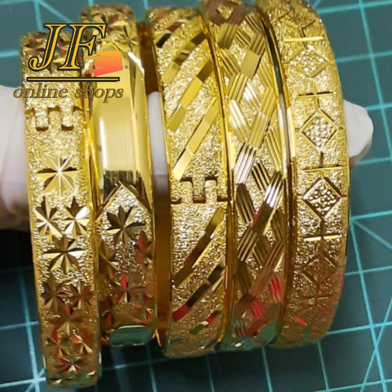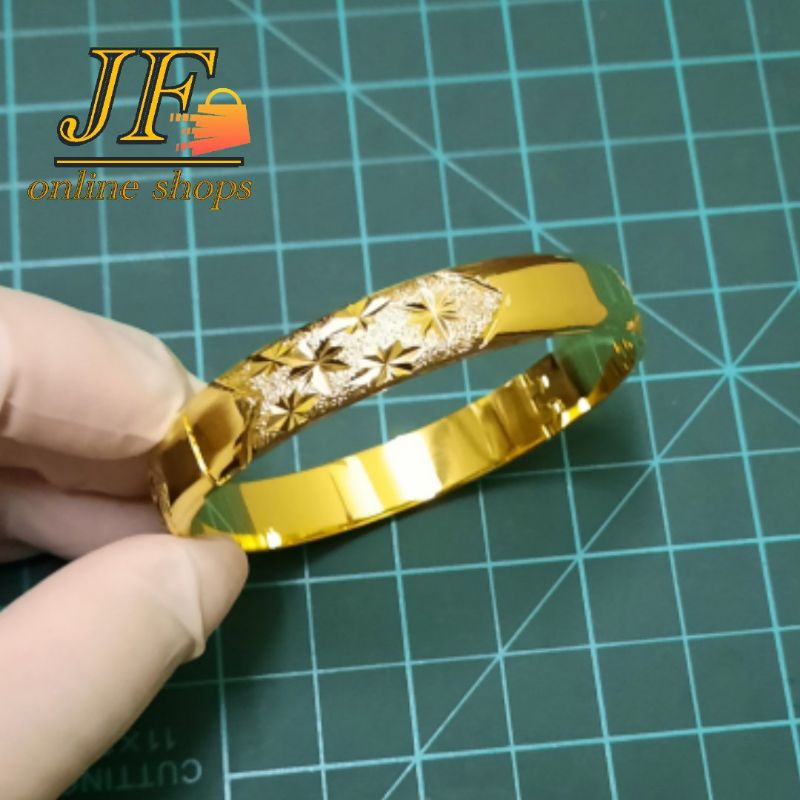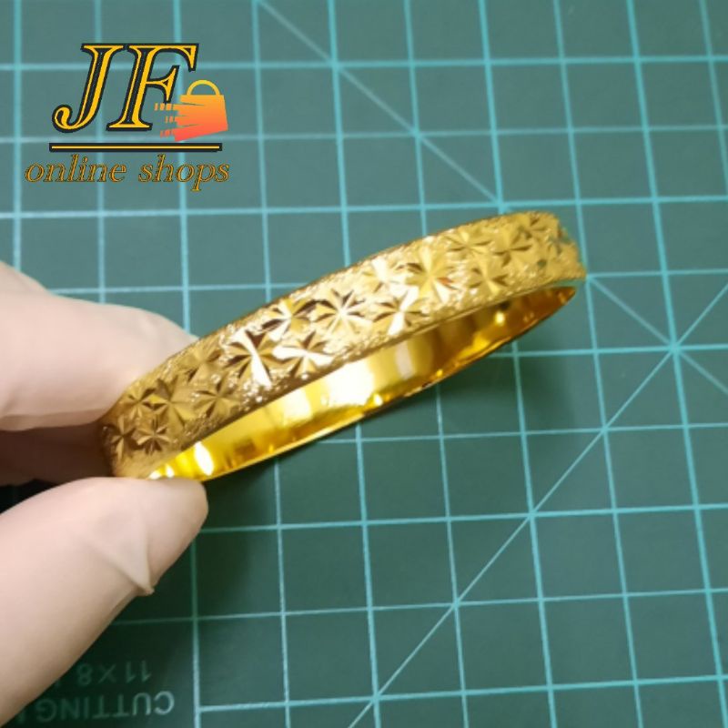 Gelang Tembaga bercorak 24k gold color Material Tembaga tulen bersalut gold color
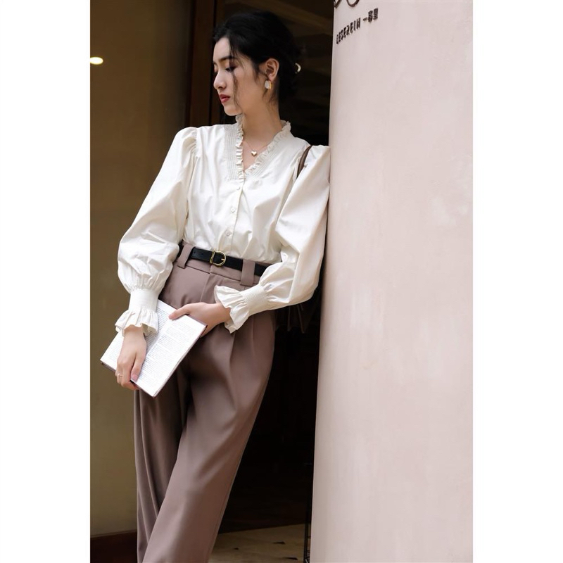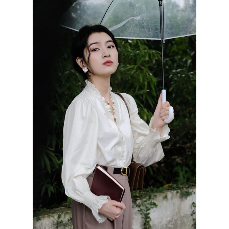 【Ảnh thật shop sẵn】Áo sơ mi nữ màu trắng cổ V CHUN REN ống loe kiểu dáng basic công sở mẫu new
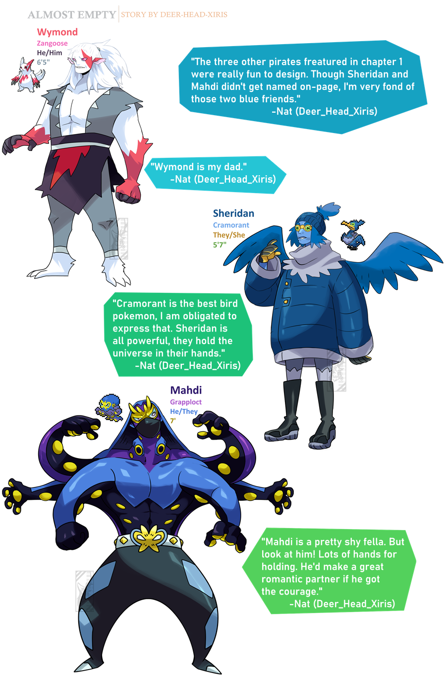 Almost Empty is a Pokemon Gijinka comic based in the Unova region, inspired by the Pokemon Black and White characters and lore. This story deals with themes of trauma, forgiveness, and coping with loss.

* * * * *

Prompt →
All lines from the one that contains "công sở mẫu new" through the last line of the data should be retyped exactly, with the pictures left out.

Result of this exercise →
 【Ảnh thật shop sẵn】Áo sơ mi nữ màu trắng cổ V CHUN REN ống loe kiểu dáng basic công sở mẫu new
 Almost Empty is a Pokemon Gijinka comic based in the Unova region, inspired by the Pokemon Black and White characters and lore. This story deals with themes of trauma, forgiveness, and coping with loss.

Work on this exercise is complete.